The relationship between the KL-divergence and the thermodynamic integral was described by Friel and Pettitt (2008) and further studied by Lefebvre et al. (2010). In particular, the KL-divergences between \(p_1(\varvec{\theta })\) and \(p_0(\varvec{\theta })\) can be derived by the endpoints of the expectation of \(E_{p_t} \big \{ U( \varvec{\theta })\}\) appearing thermodynamic equation (4) since

$$\begin{aligned}&KL(p_1 \parallel p_0)= E_{p_1} \big \{ U( \varvec{\theta }) \big \} -\log \lambda ~~\text{ and } \\&KL(p_0 \parallel p_1)= - E_{p_0} \big \{ U( \varvec{\theta }) \big \} +\log \lambda ~. \end{aligned}$$

The findings presented by Friel and Pettitt (2008) and Lefebvre et al. (2010) refer therefore to the endpoints of a geometric path. The question which naturally arises here is which is the role of entropy at the intermediate points, \(t\in (0,1)\).

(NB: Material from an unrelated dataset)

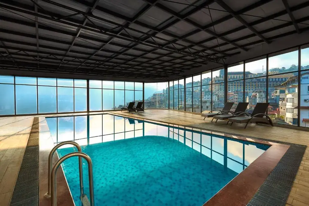 một trong những điểm nổi bật của amazing hotel sapa chính là bể bơi trong nhà với tầm nhìn ra núi, mang đến trải nghiệm thư giãn độc đáo giữa khung cảnh thiên nhiên. du khách có thể thả mình trong làn nước mát và ngắm nhìn thung lũng bao la phía xa. ngoài ra, khách sạn còn có khu vực spa, nơi cung cấp các liệu pháp thư giãn kết hợp giữa phương pháp đông phương và các thảo dược địa phương, giúp du khách phục hồi năng lượng sau những chuyến đi bộ khám phá sapa.

In the following, we address this issue and we illustrate how other \(f-\)divergences are related to the thermodynamic integral (4) and thus can be estimated as path sampling byproducts.

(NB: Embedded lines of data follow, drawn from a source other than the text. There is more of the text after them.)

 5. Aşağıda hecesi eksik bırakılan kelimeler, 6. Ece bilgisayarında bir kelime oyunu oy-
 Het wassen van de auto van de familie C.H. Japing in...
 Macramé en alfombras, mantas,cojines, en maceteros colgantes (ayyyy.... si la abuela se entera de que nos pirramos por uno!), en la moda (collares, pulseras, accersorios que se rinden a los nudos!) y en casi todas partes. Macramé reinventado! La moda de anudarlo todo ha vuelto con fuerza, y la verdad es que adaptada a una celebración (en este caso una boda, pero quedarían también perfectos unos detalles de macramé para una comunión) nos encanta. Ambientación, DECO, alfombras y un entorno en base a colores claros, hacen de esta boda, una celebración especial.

3.1 The normalised thermodynamic integral

In this section, we draw attention to the normalized thermodynamic integral (NTI) given by

$$\begin{aligned} NTI = \int _0^1\int _{\varvec{{\varTheta }}}p_t(\varvec{\theta })\, \log \frac{p_1(\varvec{\theta })}{p_0(\varvec{\theta })}\,d\varvec{\theta } \, dt. \end{aligned}$$
(11)

The NTI links the normalised densities \(p_0\), \(p_1\) and equals zero for any geometric path. It can be expressed via the thermodynamic integral using the identity

$$\begin{aligned} NTI = \int _0^1 \int _{\varvec{{\varTheta }}} p_t(\varvec{\theta })\, \log \frac{q_1(\varvec{\theta })}{q_0(\varvec{\theta })}\,d\varvec{\theta }\, dt - \log \lambda ~. \end{aligned}$$

This identity will be used to connect the thermodynamic integral with \(f-\)divergences other than the KL, at the intermediate points of [0,1].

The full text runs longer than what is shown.